An example of Muhaqqaq calligraphy from the Hagia Sophia in Istanbul
The quest for a monolithic-authentic-higher-stable self is the central theme of Umera Ahmed’s latest novel Alif. This highly idealised aspiration drags the novel into a realm where a very specific interpretation of a particular religion — in this case, Islam — gets invoked. The notion of stability of the human self — a quintessentially metaphysical one — finds its validity in the backdrop of a mundane, secular, material world which, remaining unendingly in a state of flux, eventually destabilises itself. So, it makes sense when one sees that everything redolent with secular, mundane and worldly stains is painted as ‘sinful’, consequently desisted, lamented and finally abandoned.
The main characters — Qalb-i-Momin, Momina and Husn-i-Jahan — are made to ditch the secular world of showbusiness in order to tread a clear spiritual path. Master Ibrahim, another lead character, also follows the same path and gives up his prosperous business of shoemaking in a bid to give in to Allah.
The Muhaqqaq style of Islamic calligraphy, which evolved in 15th century Turkey, becomes not only a metaphor for the characters’ transformation into spiritual beings, but a ‘sole’ path that leads to spirituality and falah [salvation and spiritual wellbeing]. Playing on ecstasies, transformative progression is made to happen; ecstasy stemming from the affluence of flesh and then from the affluence of the soul. Having abandoned secular showbiz life, all the major characters finally embrace the art of Quranic calligraphy.
Umera Ahmed’s latest novel is all about simplistic binaries and the rejection of the world in favour of the author’s chosen truth
Qalb-i-Momin’s grandfather, Abdulali, comes from a family of Turkish calligraphers. His son, Taha, revolts against family tradition by painting dancing images of Husn-i-Jahan — images that become ingrained in his imagination when he sees her performing at a cultural show in Istanbul.

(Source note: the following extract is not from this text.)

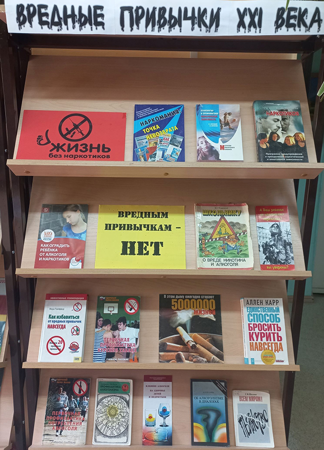 Для посетителей библиотеки была оформлена выставка-предупреждение «Вредные привычки XXI века». На ней была представлена литература по профилактике наркомании, а также книги и брошюры о вреде алкоголизма и курения. С подростками проводились профилактические беседы о вреде наркотиков, алкоголя и сигарет.

He falls in love and marries Husn-i-Jahan, a leading Pakistani film actress of the 1980s. She takes a mere second to bid goodbye to the ‘profane’ world of showbiz — and, of course, Pakistan — to lead a simple family life in Turkey. Their son, Qalb-i-Momin, joins the Pakistani film industry and soon becomes an icon. In the words of Abdulali, he chooses the path of worldly success instead of falah, as the novel seems to consider Islamic calligraphy as the one and only alternate form of art.
The path of alif, the first letter of ‘Allah’, is portrayed as the wahid [single, incomparable] path to spirituality. However, seeing how the characters are transformed into spiritual beings, the word ‘spirituality’ in the novel’s context appears most problematic. In the story, spirituality means “woh seedha raasta jo GPS dikha sakta hai na aql ... wo raasta dil ki galiyon say guzar kar rooh tak pohonchta hai aur sirf iman ki roshni men nazar aata hai [that straight path which neither GPS nor rationality can lead to ... that path reaches the soul after passing through the alleys of the heart and can be seen only in the light of faith].”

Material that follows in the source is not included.